IEEE Trans Pattern Anal Mach Intell. 2023 Jul;45(7):8036-8048. doi: 10.1109/TPAMI.2022.3228755. Epub 2023 Jun 5.
Partially labeled data learning (PLDL), including partial label learning (PLL) and partial multi-label learning (PML), has been widely used in nowadays data science. Researchers attempt to construct different specific models to deal with the different classification tasks for PLL and PML scenarios respectively. The main challenge in training classifiers for PLL and PML is how to deal with ambiguities caused by the noisy false-positive labels in the candidate label set.
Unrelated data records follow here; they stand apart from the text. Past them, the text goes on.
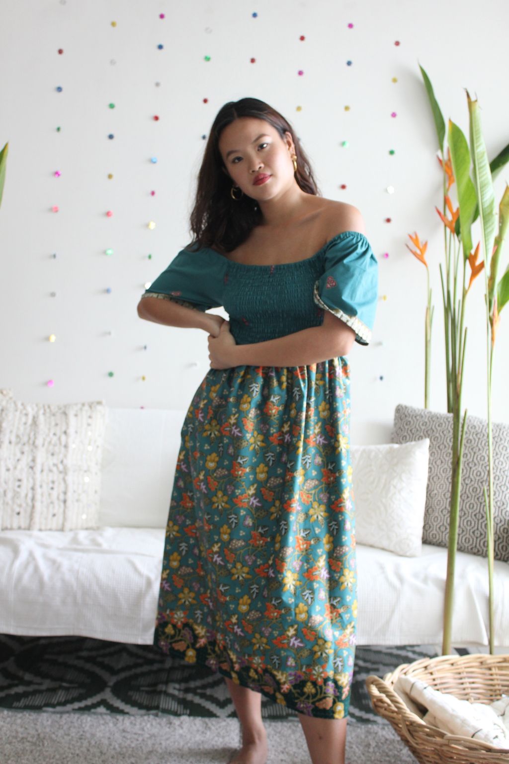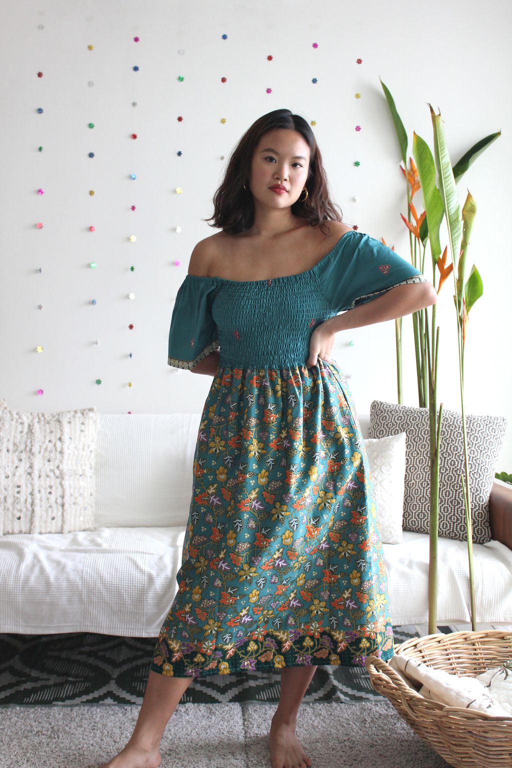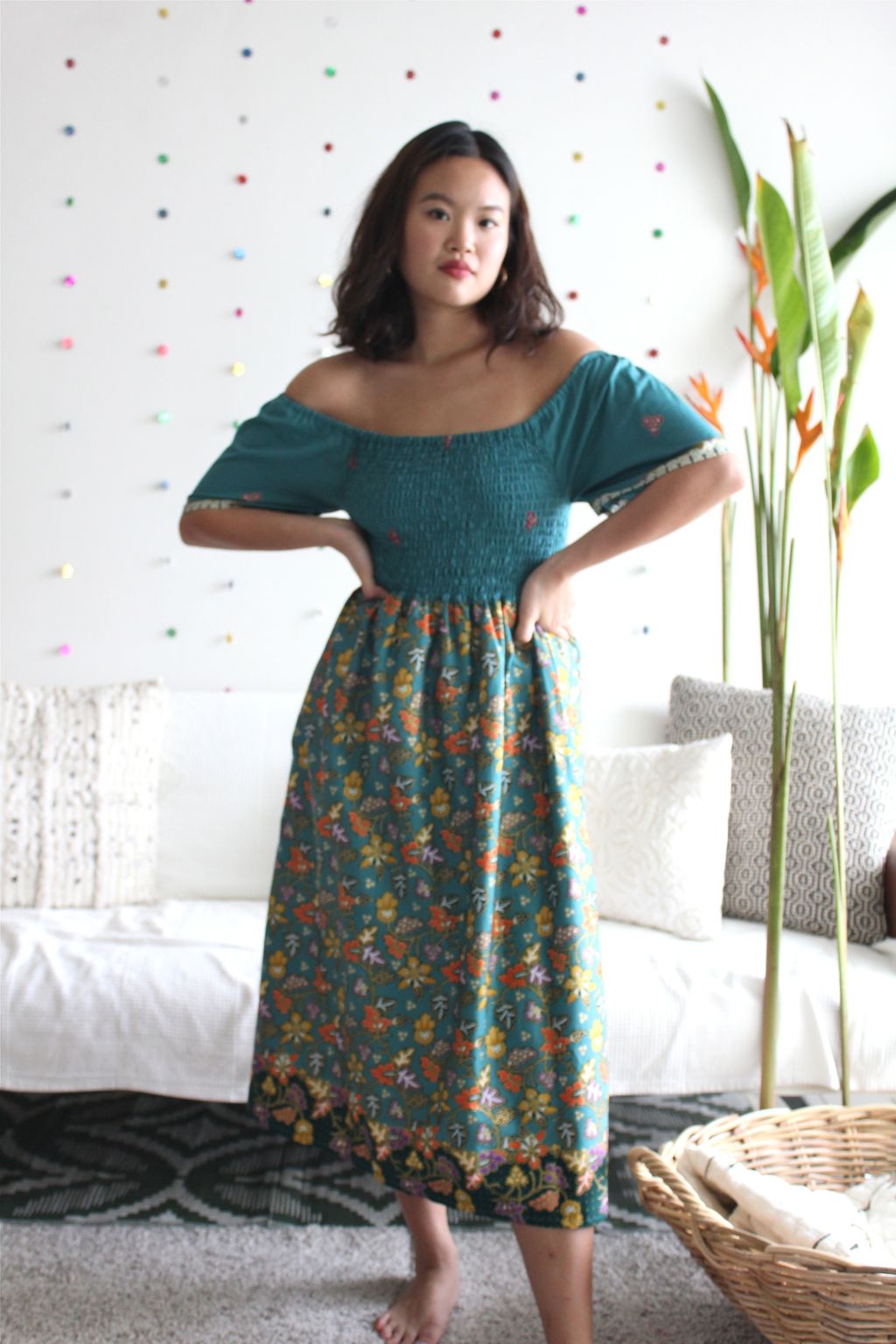 Hello Puteri of the Tropics! This gorgeous dress is really breezy and comfortable to wear! It is made of 100% soft gold-line cotton batik. This dress is labor intensive and handmade in our studio, just as where all our other garments are made with love. Only one of each color made, so if this beau is calling your name, do put it in your cart and check it out :)!
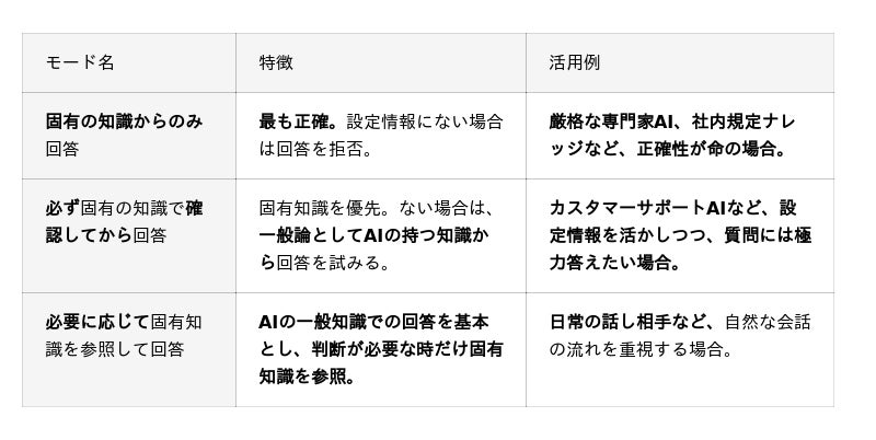 AIキャラクターの設定画面で、以下の3つのモードから、知識の参照方法を選択できるようになりました。これにより、キャラクターの役割や用途に応じた賢さのバランスを柔軟に設定できます。
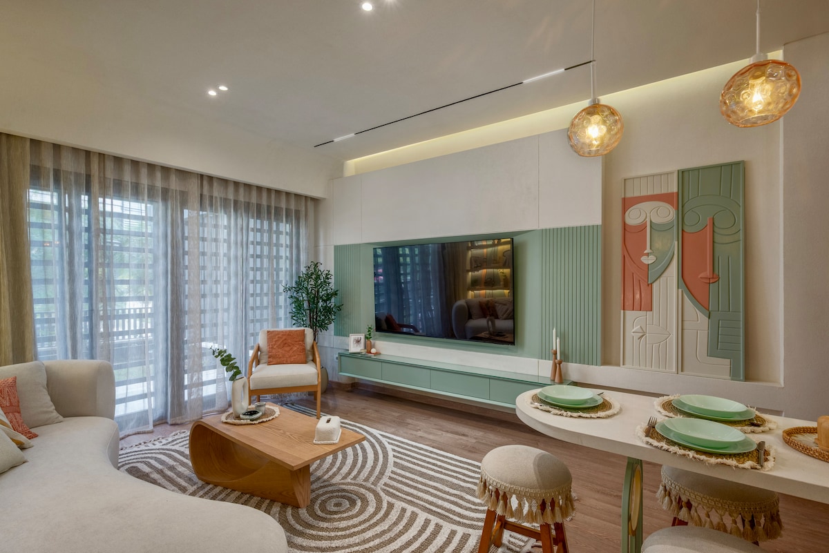 A stylish two-bedroom retro retreat in Privado, Madinaty’s gated community. Designed in refreshing mint and warm amber tones, it features a large private garden, three comfy beds, and a spacious living area with a big Smart TV. Perfect for families seeking comfort and calm, with cafés, parks, and the Open Air Mall just minutes away — where color, space, and serenity meet.

The state-of-the-art strategy for both scenarios is to perform disambiguation by identifying the ground-truth label(s) directly from the candidate label set, which can be summarized into two categories: 'the identifying method' and 'the embedding method'. However, both kinds of methods are constructed by hand-designed heuristic modeling under considerations like feature/label correlations with no theoretical interpretation. Instead of adopting heuristic or specific modeling, we propose a novel unifying framework called A Unifying Probabilistic Framework for Partially Labeled Data Learning (UPF-PLDL), which is derived from a clear probabilistic formulation, and brings existing research on PLL and PML under one theoretical interpretation with respect to information theory. Furthermore, the proposed UPF-PLDL also unifies 'the identifying method' and 'the embedding method' into one integrated framework, which naturally incorporates the feature and label correlation considerations. Comprehensive experiments on synthetic and real-world datasets for both PLL and PML scenarios clearly demonstrate the superiorities of the derived framework.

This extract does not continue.